Picovoice has just realized the new version of its Voice Activity Detection engine, Cobra. It's more accurate than its predecessor, making it much more accurate than webRTC VAD. That's why on day 24 we'll discuss how to measure VAD performance.
Receiver operator characteristics (ROC) curve is a known tool for inspecting the performance of binary classifiers across different decision thresholds.
Voice Activity Detection is a binary classifier. It detects presence or absence of human speech in audio streams.
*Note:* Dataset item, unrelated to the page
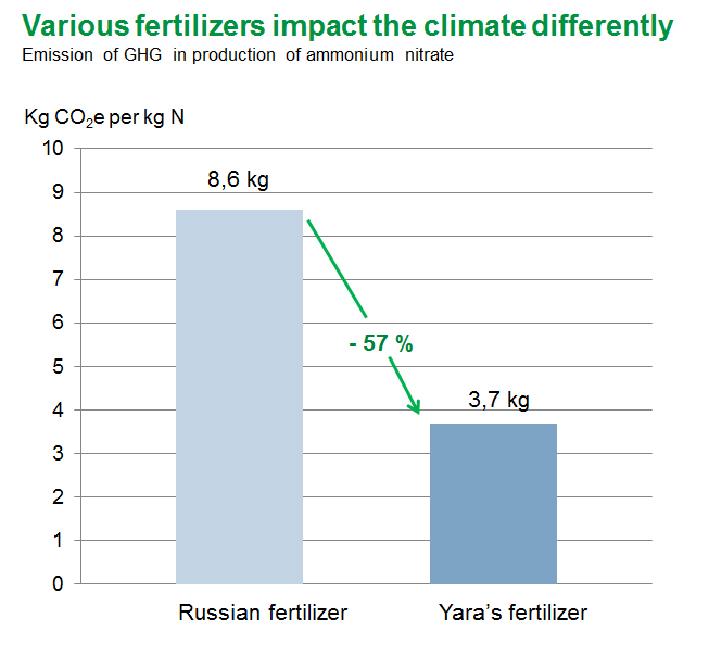 Val á áburði ákvarðar kolefnisfótspor frá búskap og gríðarlegur munur er á milli mismunandi tegunda af áburði þegar að framleiðsluaðferðum kemur. Grafið hér að neðan sýnir verulega minni losun frá framleiðslu ammóníumnítrats í áburðarverksmiðjum Yara í samanburði við áburð sem framleiddur er í Rússlandi. Meginmunurinn er afrakstur markviss starfs innan Yara varðandi orkunýtingu og hreinsibúnaðartækni með N2O-efnahvata sem hefur dregið úr losun gróðurhúsalofttegunda um yfir 50 prósent.

Hence ROC curve is used to measure its accuracy.
The false positive rate is measured as the number of false positive frames detected over the total number of non-voice frames. Likewise, the true positive rate is measured as the number of true positive frames detected over the total number of voice frames. A larger area under the ROC curve is better.
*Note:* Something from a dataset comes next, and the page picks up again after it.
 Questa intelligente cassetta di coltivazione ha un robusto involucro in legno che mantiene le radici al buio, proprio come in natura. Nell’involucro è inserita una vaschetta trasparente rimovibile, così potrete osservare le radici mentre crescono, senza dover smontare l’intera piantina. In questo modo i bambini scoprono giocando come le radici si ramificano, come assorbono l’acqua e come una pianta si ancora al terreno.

Picovoice developed an open source benchmark with LibriSpeech as it provides a diverse number of speakers and is gender-balanced. Then adds noise data from the DEMAND dataset. It has noise from 18 different environments (e.g. kitchen, office, traffic, etc.)
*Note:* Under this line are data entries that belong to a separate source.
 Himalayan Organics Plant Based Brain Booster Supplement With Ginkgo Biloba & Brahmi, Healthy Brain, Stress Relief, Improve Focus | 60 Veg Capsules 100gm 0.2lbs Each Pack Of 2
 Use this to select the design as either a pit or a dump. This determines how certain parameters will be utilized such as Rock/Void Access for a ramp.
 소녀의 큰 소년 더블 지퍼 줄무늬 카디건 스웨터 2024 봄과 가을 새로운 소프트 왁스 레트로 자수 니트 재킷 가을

So if you want to draw a ROC curve with LibriSpeech for webRTC VAD, feel free to use the open-source benchmark. The steps are below:
1. Clone the repository:
git clone https://github.com/Picovoice/voice-activity-benchmark
- Install the dependencies:
pip3 install -r requirements.txt
- Run the benchmark:
python3 benchmark.py \
--librispeech_dataset_path ${LIBRISPEECH_DATASET_PATH} \
--demand_dataset_path ${DEMAND_DATASET_PATH} \
--engine WebRTC
Accuracy is not the only consideration to evaluate the VAD performance. Runtime requirements are important, too. However, it depends on the platform you choose. For example, on a Raspberry Pi Zero, Cobra measured a realtime factor (RTF) of 0.05, or about 5% CPU usage whereas on a laptop it can be 0.0006, 100 times smaller.